De nos jours, le concept d’exosquelette est devenu une réalité dont les progrès techniques font l’objet d’un développement dual particulièrement rapide, intéressant aussi bien les applications militaires que civiles. On en voit d’emblée l’intérêt dans les deux champs. Pour les militaires il s’agirait de pouvoir faire porter des charges de l’ordre d’une centaine de kilos (voire 200 kg pour certains modèles) à un fantassin, ce sur de longues distances et pendant plusieurs heures. Dans un contexte non militaire, les exosquelettes permettraient des gains de productivité en matière de manutention, de transport, de dégagement d’obstacles, sans parler de l’espoir qu’ils représenteraient à pouvoir redonner une certaine motricité aux personnes paralysées.
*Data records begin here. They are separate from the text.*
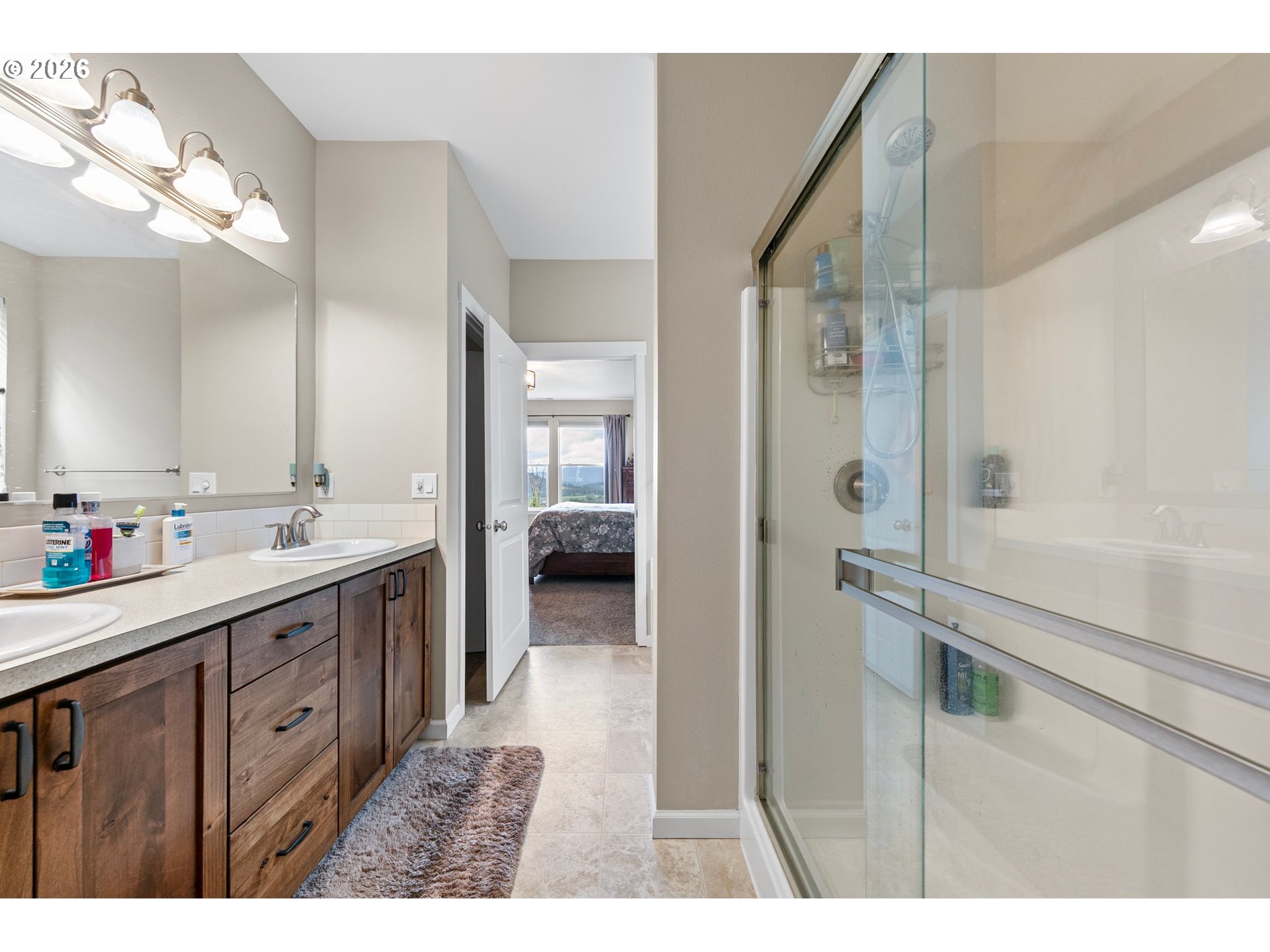 Immaculate Single-Level Home with Stunning Views in Mountain Gate. Welcome to this like-new, single-level home located in the prestigious Mountain Gate community. Designed for both comfort and style, this spacious residence offers sweeping mountain views from the open-concept great room, dining area, and kitchen—arguably one of the best views in the neighborhood. The great room features elegant engineered hardwood floors, a vaulted ceiling, and a cozy gas fireplace, creating a warm and inviting space to relax or entertain. The chef’s kitchen is outfitted with quartz countertops, stainless steel appliances, a gas range, pantry, and a center island—ideal for casual gatherings and culinary creations. Step outside from the dining room onto an expansive covered Trex deck, perfect for backyard barbecues or simply enjoying the beautifully maintained, fully fenced yard and breathtaking vistas. This thoughtfully designed home includes three bedrooms plus a versatile den—perfect for a home office, studio, or hobby room. The generous primary suite offers a luxurious retreat with a spacious walk-in closet, a soaking tub, and a separate shower. Additional highlights include a high-efficiency heat pump, exterior sprinkler system, oversized 3 car tandem garage and much more. Don’t miss the opportunity to own this exceptional home with unmatched views and high-end finishes in one of the area's most sought-after communities.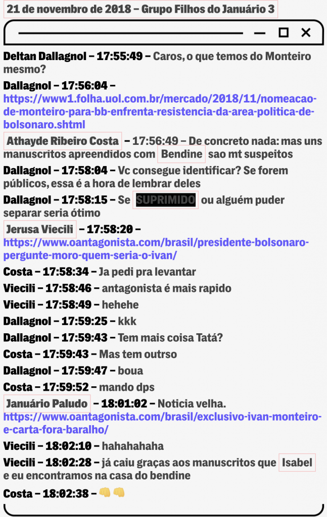 As mensagens trocadas via Telegram não deixam claro porque – e, questionado a respeito, Dallagnol se recusou a responder –, mas no fim de tarde de 21 de novembro de 2018 ele enviou ao grupo do Telegram Filhos do Januario 3 uma reportagem da Folha que citava a insatisfação de Onyx Lorenzoni com o então presidente da Petrobras Ivan Monteiro. O procurador acionou os colegas em busca de informações que pudessem desabonar Monteiro.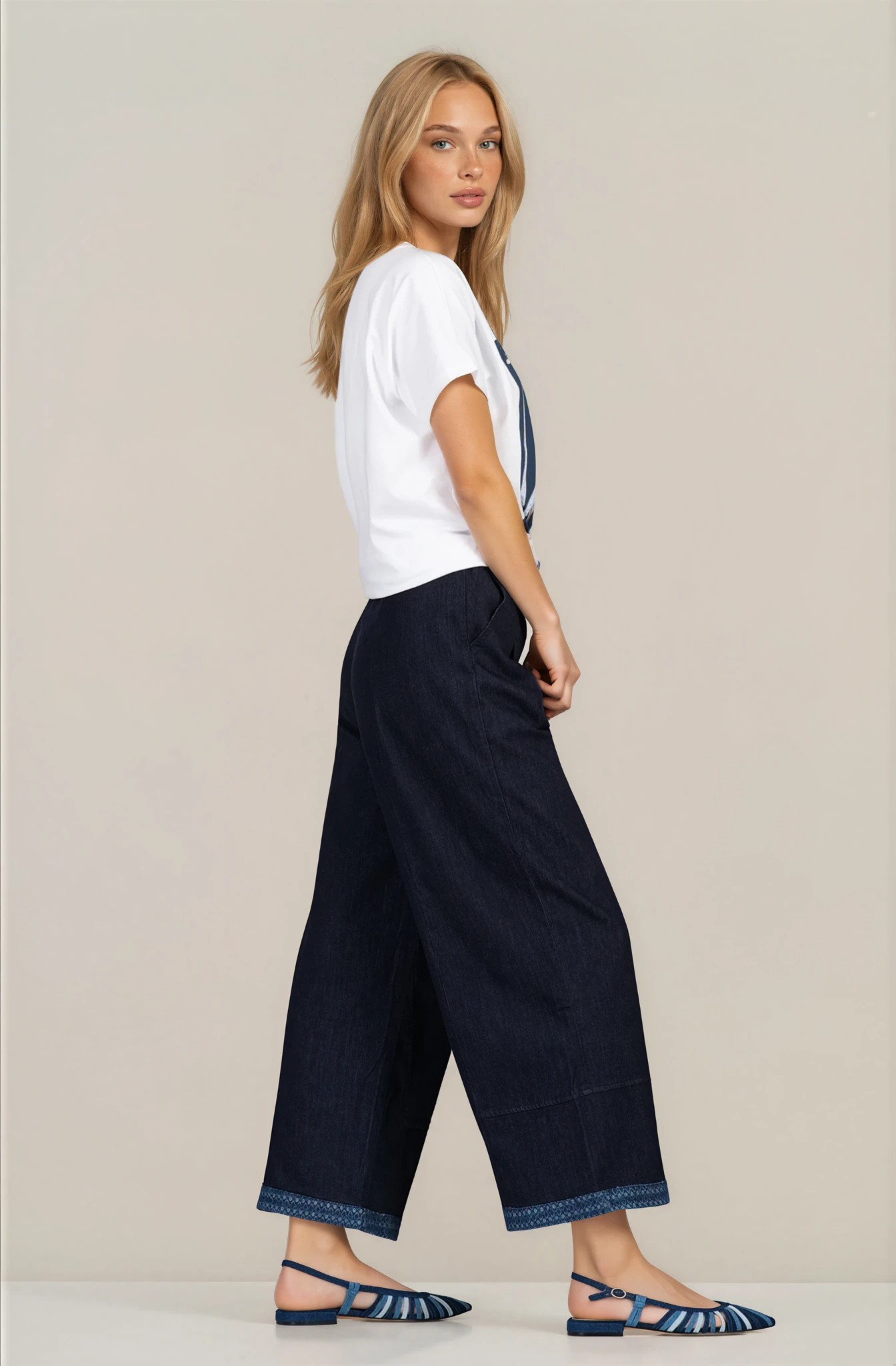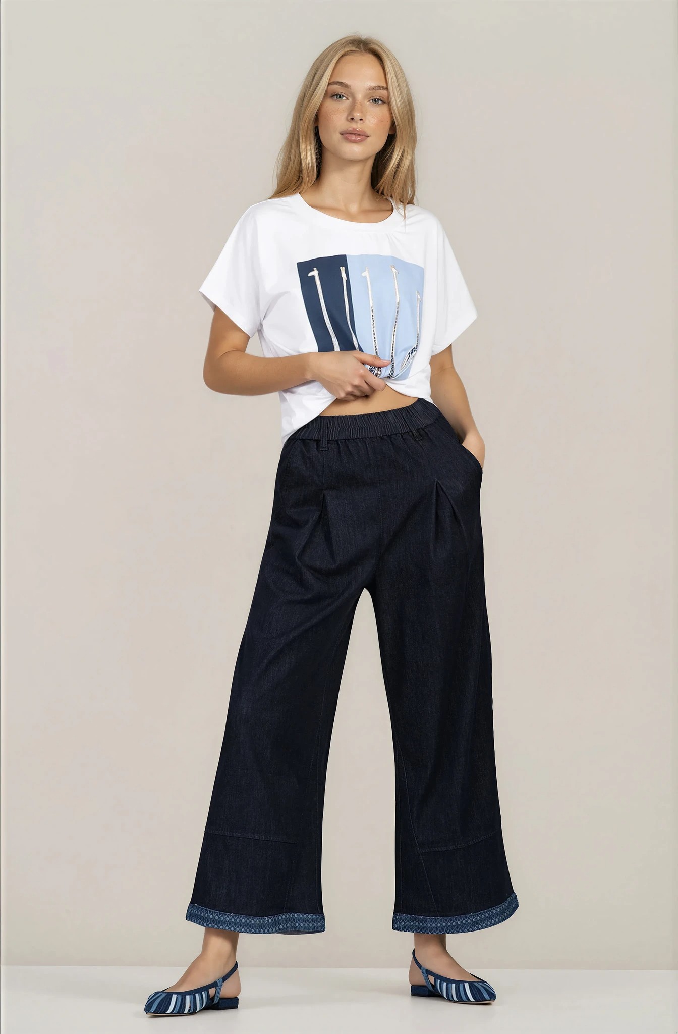 Свеж модел от памучно трико с лека еластичност, създаден за максимален комфорт през топлите дни. Правата кройка пада свободно по тялото и позволява лесно комбиниране с дънки, панталони или поли. Контрастната синя щампа добавя характер и подчертава индивидуалния стил. Италианското производство гарантира внимание към детайла и устойчиво качество.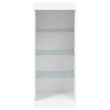 Décorez votre pièce avec ce buffet moderne avec éclairage LED, il s'harmonise facilement avec les meubles de tout style de votre maison. Matériau durable : le bois d'ingénierie est d'une qualité exceptionnelle avec une surface lisse et présente également résistance, stabilité et résistance à l'humidité.Grand espace de rangement : le buffet offre beaucoup d'espace de rangement pour garder vos magazines, livres, télécommandes et autres petits objets bien organisés et à portée de main.Fonction d'affichage : le dessus robuste du buffet est idéal pour afficher des objets décoratifs, des cadres photo ou des plantes en pot.Lumières LED réglables : cette armoire de rangement est équipée de lumières LED RVB, qui ont différents menus pour changer la couleur de la lumière et l'ajuster automatiquement, décorant votre maison de manière colorée et belle. Attention :Pour éviter qu'il ne soit renversé, ce produit doit être utilisé avec le dispositif de fixation au mur fourni. Bon à savoir :Ce produit est doté d'un connecteur USB qui nécessite une source d'alimentation USB de 5V certifiée (non incluse).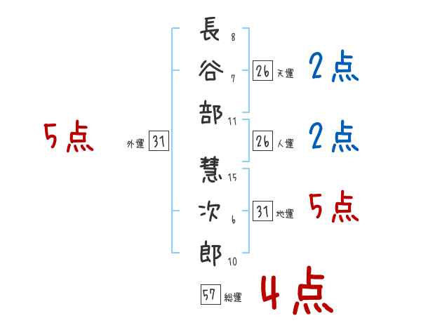 総運![]() | 長谷部慧次郎さんの総運は57画の4つ星!向上心があり人望がある。地位を得る。 あなたの人生を表す1番重要な運勢です。生涯を通じて影響する総合運となり、主に50歳以降の晩年期に影響を及ぼします。 |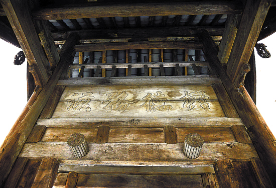 山西明代牌楼门和现代教学楼相映成趣。该牌楼门为明代山西建筑小品,距今已有500多年的历史,保留了明代斗拱及额匾等构件,是考察古代建筑形制的重要遗存实例。下图为牌楼门上的匾额,上有“树德务滋”的字样。 羊城晚报记者 汤铭明 摄
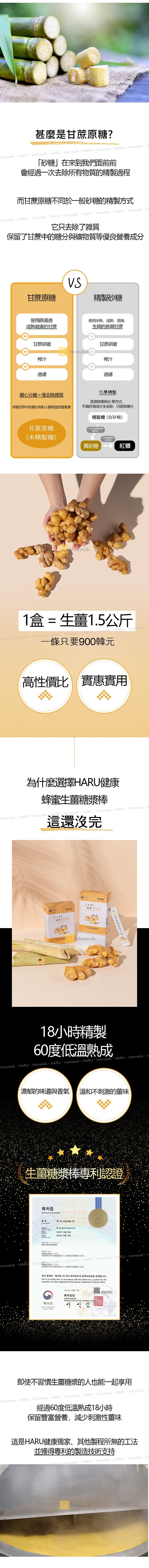 72% 生薑 (韓國)、22% 甘蔗糖 (泰國)、6% 蜂蜜 (韓國)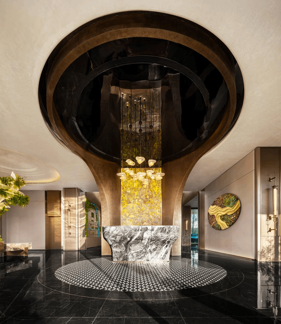 觀瀑|接待區(qū)扇形的架構與漸變色調(diào)讓人仿佛聆聽到水流撞擊巖石的聲音,大理石接待臺如山脈般堅實且充滿韻律,主視墻流暢的紋理與縱深的層次感,宛如山水的波瀾。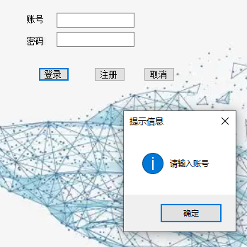 if (UserName == "") { MessageBox.Show("请输入账号","提示信息",MessageBoxButtons.OK,MessageBoxIcon.Asterisk); return; } else if (hr.HasRows) { MessageBox.Show("登录成功","提示信息",MessageBoxButtons.OK,MessageBoxIcon.Asterisk); Form2 form2 = new Form2(); form2.Show(); //隐藏窗体 this.Hide(); } else { MessageBox.Show("账号或密码错误", "提示信息", MessageBoxButtons.OKCancel, MessageBoxIcon.Question); }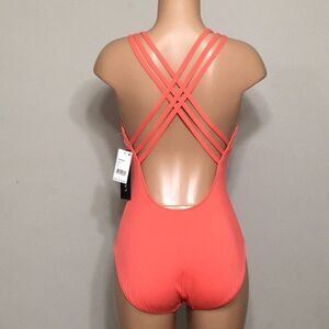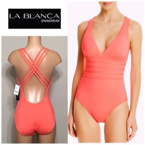 Deep scoop back with fixed multi-strap x-back design. 16W lost its tags. Has hygiene liner.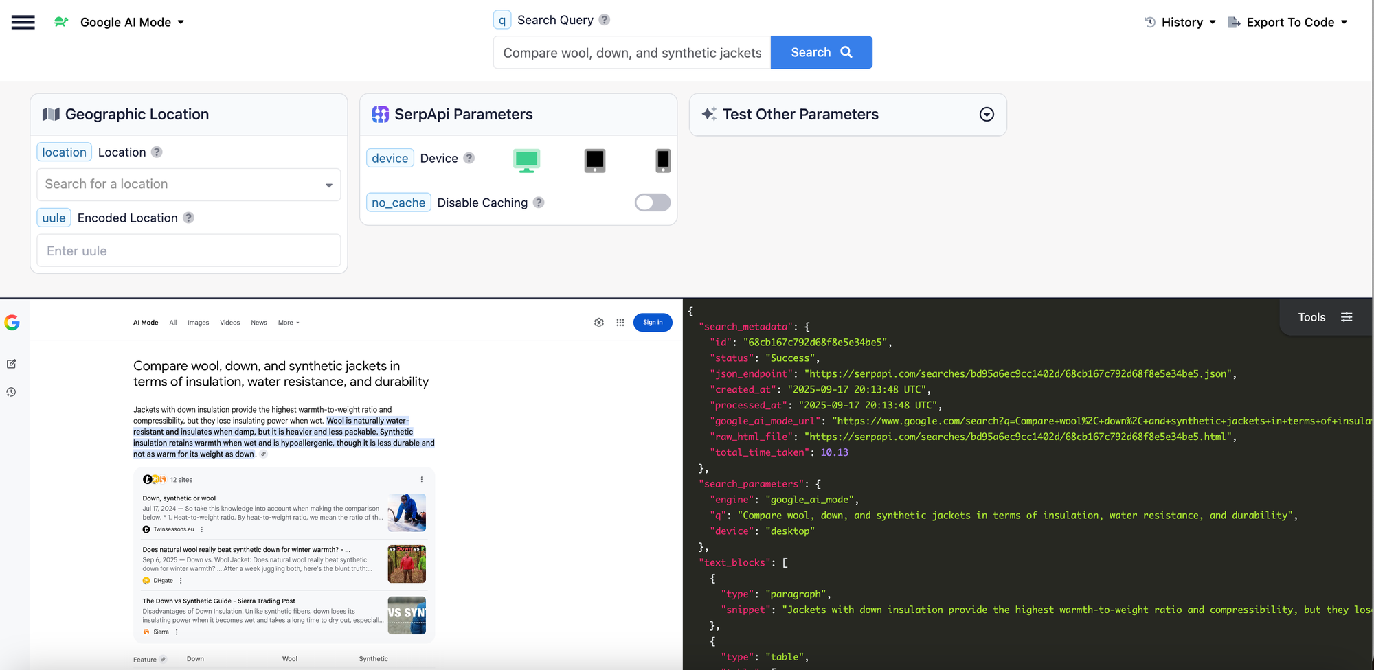 For example, let's try searching the Google AI Mode API for "Compare wool, down, and synthetic jackets in terms of insulation, water resistance, and durability". To do that, we just need to set our query as the value of the q parameter: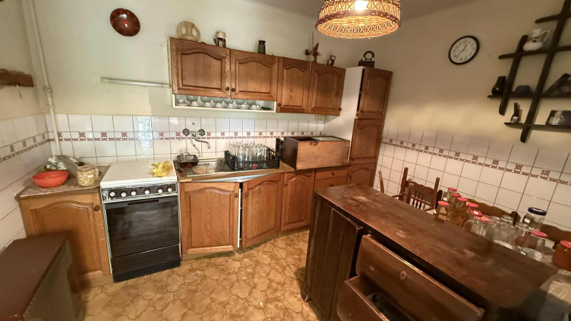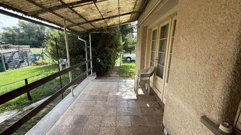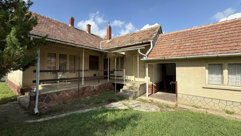 Helységei: 4 tágas,világos szoba,fürdőszoba,konyha és spájz.Nagy,kertre néző fedett terasz,az udvaron garázs,tároló,melléképület,valamint nyári konyha és műhely,hogy mindennek meglegyen a helye.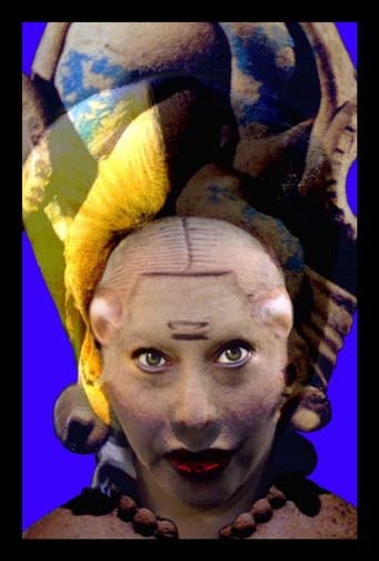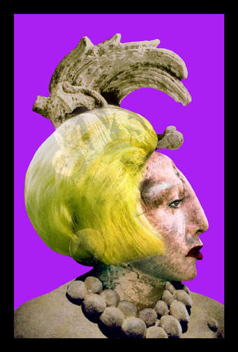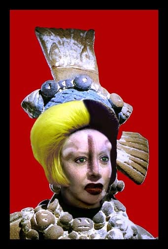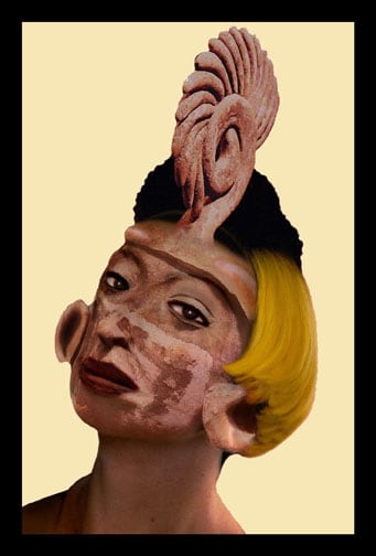 combining Pre-Columbian and African icons with her own image; the resulting hybridizations create a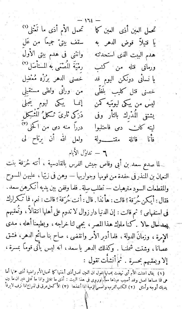 استفهامي؟ ثم قالت: إ، الدنيا دار زوال لا تدوم على أهلها انتقالا، وتُعقبهم بعد حال حالا. كنا ملوك هذا المصر. يجبي لنا خراجه، ويطيعنا أهله، مدى الإمرة، وزمان الدولة، فلما أدبر الأمر وانقضى، صاح بنا صائح الدهر، فشق عصانا، وشتت شملنا. وكذلك الدهر يا سعد. إنه ليس يأتي قوماً بمسرة، إلا ويعقبهم بحسرة. ثم أنشأت تقول:

Aux États-Unis, la DARPA (1) travaille sur la question au moins depuis le début des années 2000, mais les obstacles techniques ont été importants. Nécessitant en premier lieu une réelle maîtrise de la robotique, le concept d’exosquelette pose aussi la question de la communication entre le corps humain et le système, la transmission de l’influx nerveux à la machine. La source d’énergie devant alimenter le système est également un défi technique important. Les batteries devront être endurantes et légères pour des dimensions réduites, souples d’utilisation et peu consommatrices en énergie.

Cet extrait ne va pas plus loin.